Persistent kernels keep the GPU at full power consumption even when no work is available. The __nanosleep() intrinsic reduces power during idle periods:

// Power-aware spin-wait
__device__ void wait_for_work(volatile uint32_t* flag) {
    int spins = 0;
    while (*flag == 0) {
        if (spins < 100) {
            // Short spin: busy wait (lowest latency)
            __threadfence();
            spins++;
        } else if (spins < 1000) {
            // Medium: light sleep
            __nanosleep(100);  // 100 ns
            spins++;
        } else {
            // Long wait: deep sleep to save power
            __nanosleep(10000);  // 10 us
        }
    }
}

// This adaptive back-off reduces idle power by ~60-80%
// while keeping wake-up latency under 10 us for the common case

Summary

Persistent kernels eliminate kernel launch overhead by keeping thread blocks alive for the duration of an inference session, consuming work items from a device-side queue.
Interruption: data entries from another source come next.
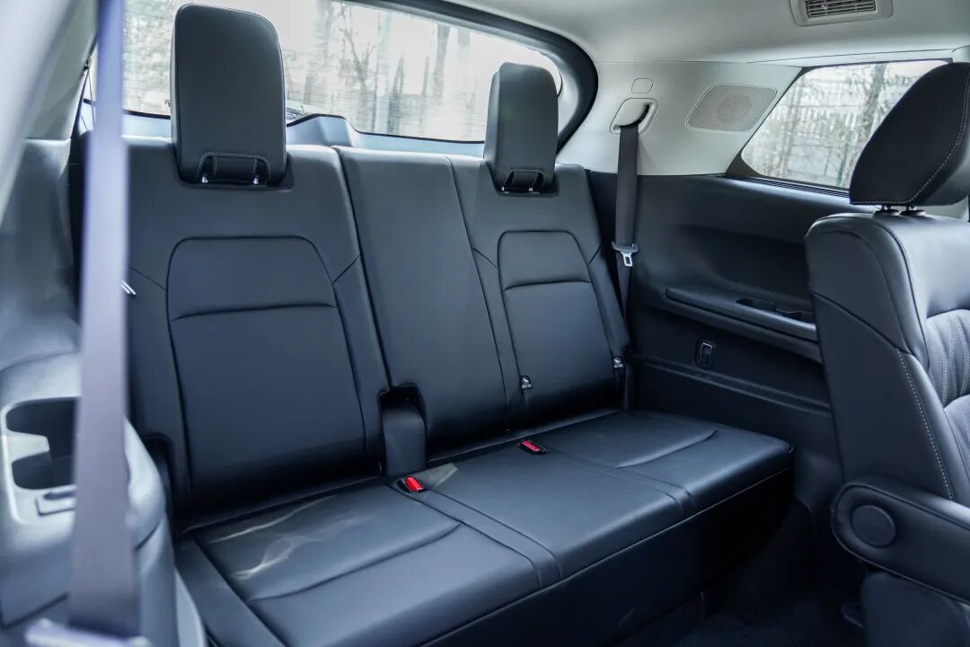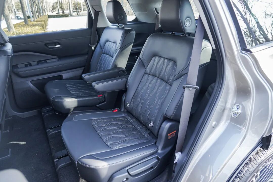 二排两张独立座椅,虽不及MPV车型那般尊贵,但已经领先竞品了,体感称得上是两张大沙发。座椅前后可移动调节140mm,靠背角度10挡可调,最大可达到 115°,座椅加热范围也覆盖到了腰部。空间方面,腿部是充裕的,只是头部对于大个子朋友来说不算友好,因为底盘设计的缘故,二排座椅被放置在了一个高度有70mm左右的地台上了。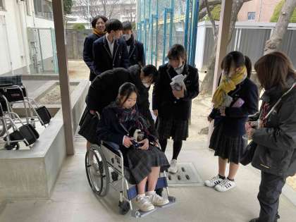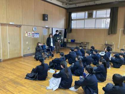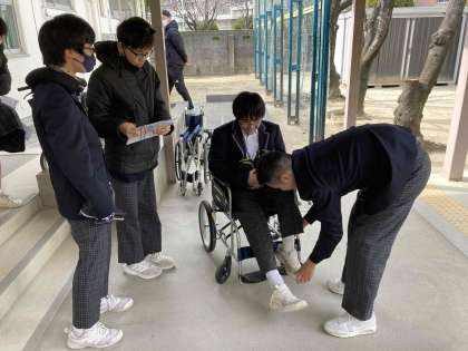 1時間は車いす体験、もう1時間は弱視体験と難聴体験に分かれて体験活動をしました。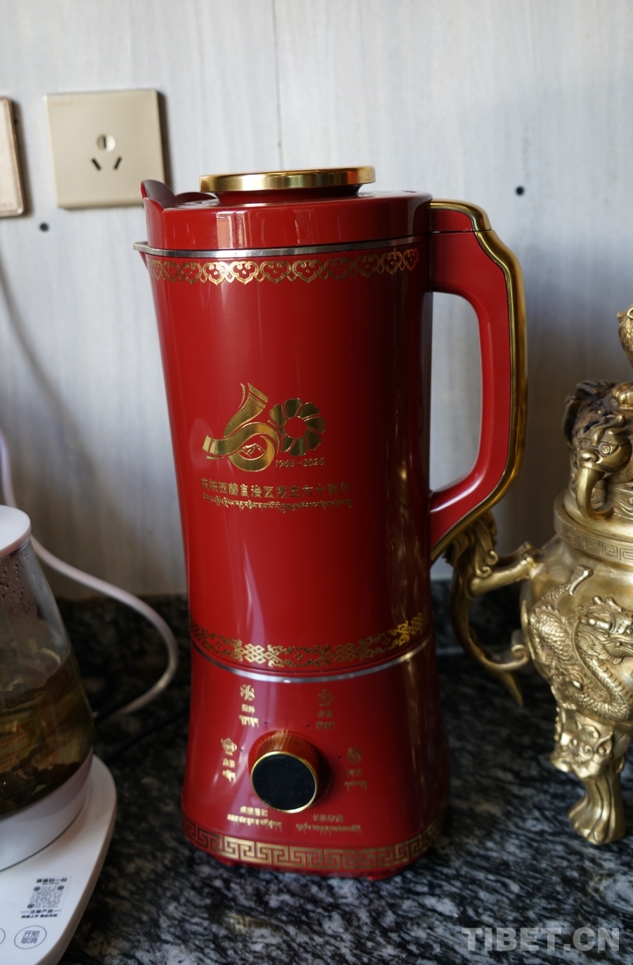 走進(jìn)客廳,茶幾上擺放著一臺(tái)紅色嶄新的全自動(dòng)酥油茶壺,機(jī)身上鐫刻著“慶祝西藏自治區(qū)成立60周年”的字樣。另一旁的展柜上,一套鎏金茶碗嶄新如初,仿佛能映出人影——那是2015年中央代表團(tuán)贈(zèng)送的西藏自治區(qū)成立50周年禮物。這些細(xì)節(jié),無(wú)不透露出主人對(duì)它的珍視。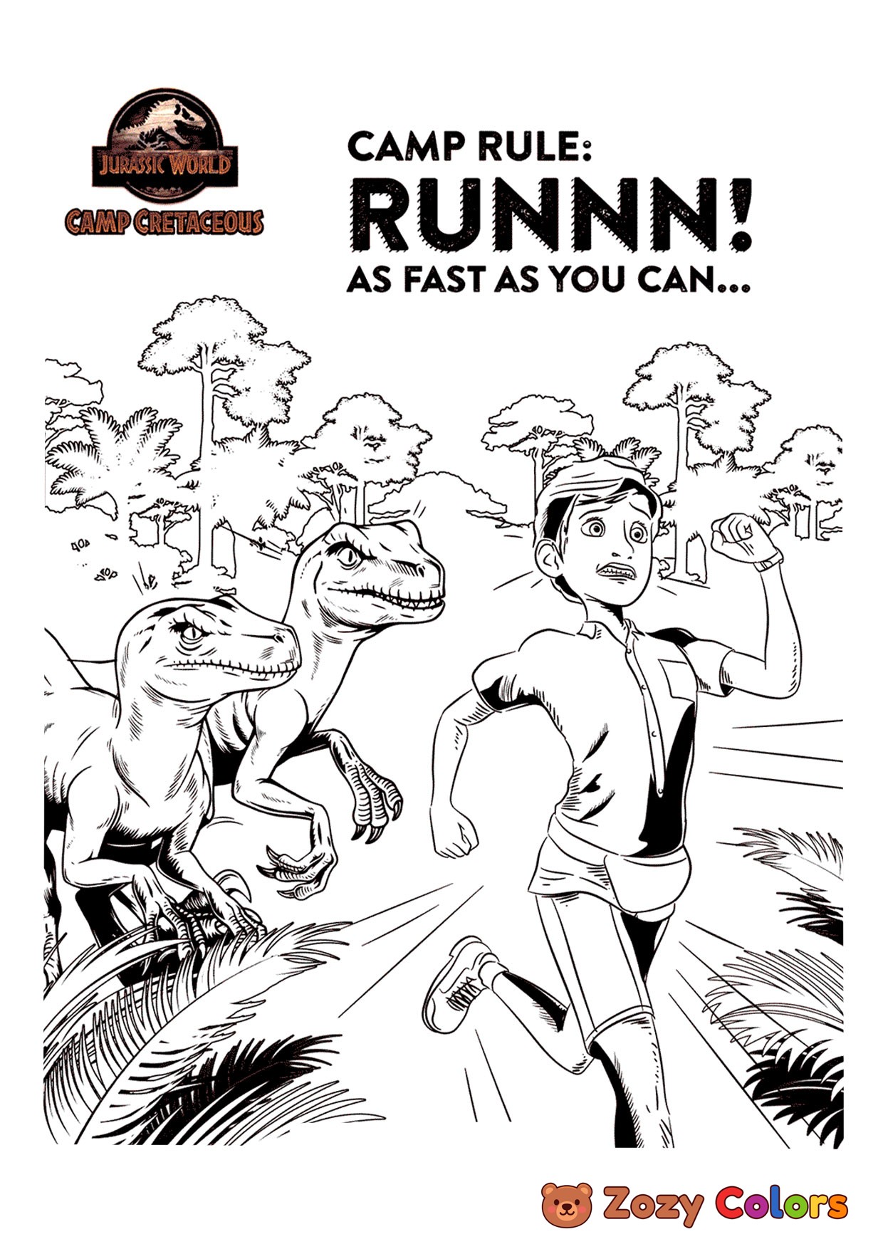 Camp Cretaceous run. Coloring page to print or download and color for your kids.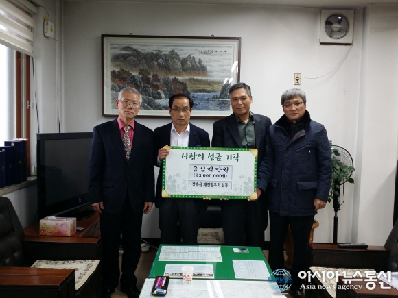 지난 10일 장수읍 재전향우회(회장 류계선)는 연말연시를 맞아 어려운 이웃을 위해 써달라며 장수읍에 이웃돕기 성금 300만원을 기탁했다.(사진제공=장수군청)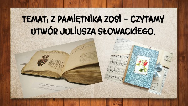 Temat: Z pamiętnika zosi - czytamy utwór Juliusza słowackiego.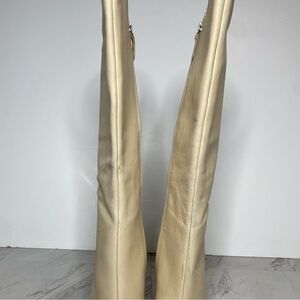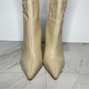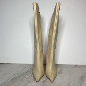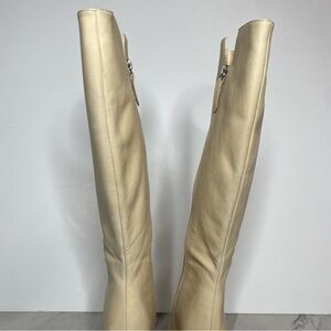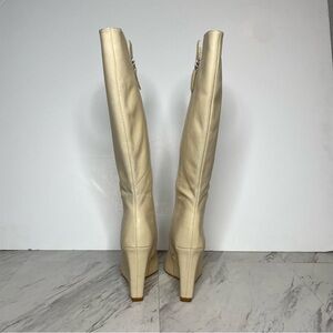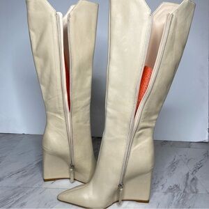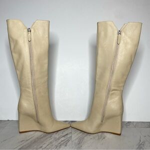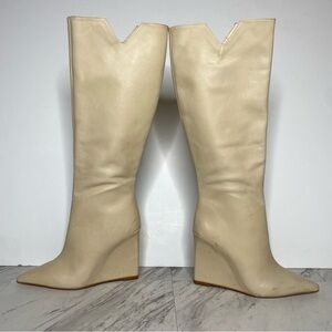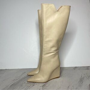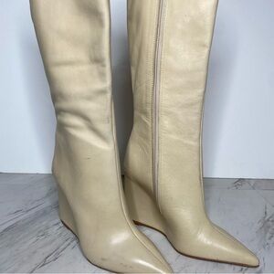 Schutz Asya Up Eggshell Leather Pointy Toe Wedge Tall Boots 6 1/2 B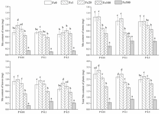 Mn content in stems was significantly higher than in roots (1.04–4.35 times) and leaves (1.03–2.31 times) (Figure 5). In contrast to Fe and P, total Mn content of Fe 0 and Fe 1 treatments at any given P level was greater than others. The total Mn content in P 0.01 of Fe 0–Fe 20 was higher than P 0.1 and P 0.5 treatments, and higher in the Fe 100/P 0.5 and Fe 500/P 0.1 treatments. Plants grown in the Fe 500 treatment had the lowest total Mn content (23.1%–41.1% of other treatments).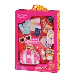Acessórios de viagem para bonecas de 46cm Para aventuras divertidas desde o embarque até o passeio pela cidade com esse lindo conjunto de viagem Our Generation Suas bonecas favoritas se transformarão em sofisticadas viajantes com direito a lanchinhos, baralho de cartas, passaporte, carteira, cartões de embarque, câmera, óculos de sol, produtos de higiene pessoal e uma mala. Cada peça é perfeitamente dimensionada para as bonecas Our Generation. Acessórios faz de conta. Boneca vendida separadamente. Our Generation não se trata apenas de uma boneca, um lindo conjunto de roupas ou mesmo um kit de acessórios fantásticos. É sobre incentivar crianças de todos os estilos e gostos a criar suas próprias histórias, desenvolvendo um universo ilimitado de brincadeiras com bonecas e acessórios. Sua embalagem é feita de material reciclado, especialmente desenvolvida para uma geração mais ecológica que não aceitaria nada menos. Essa é a nossa história, e essa é a nossa turma Homologação Inmetro: IP-BRI-1866/2021-01

The benefit is proportional to the launch overhead fraction: at batch size 1, where launch overhead can be 20%+ of decode latency, persistent kernels yield 1.2-1.3x speedup. At large batch sizes where compute dominates, the benefit is negligible. The key implementation challenges are: grid-wide synchronization (requires cooperative launch or atomic barriers), host-device signaling (mapped memory or managed memory queues), power management during idle periods (__nanosleep back-off), and debugging (Nsight Compute sees a single kernel). Persistent kernels are most valuable in latency-sensitive single-request inference (chatbots, code completion) and are used in production by TensorRT-LLM and FlashInfer.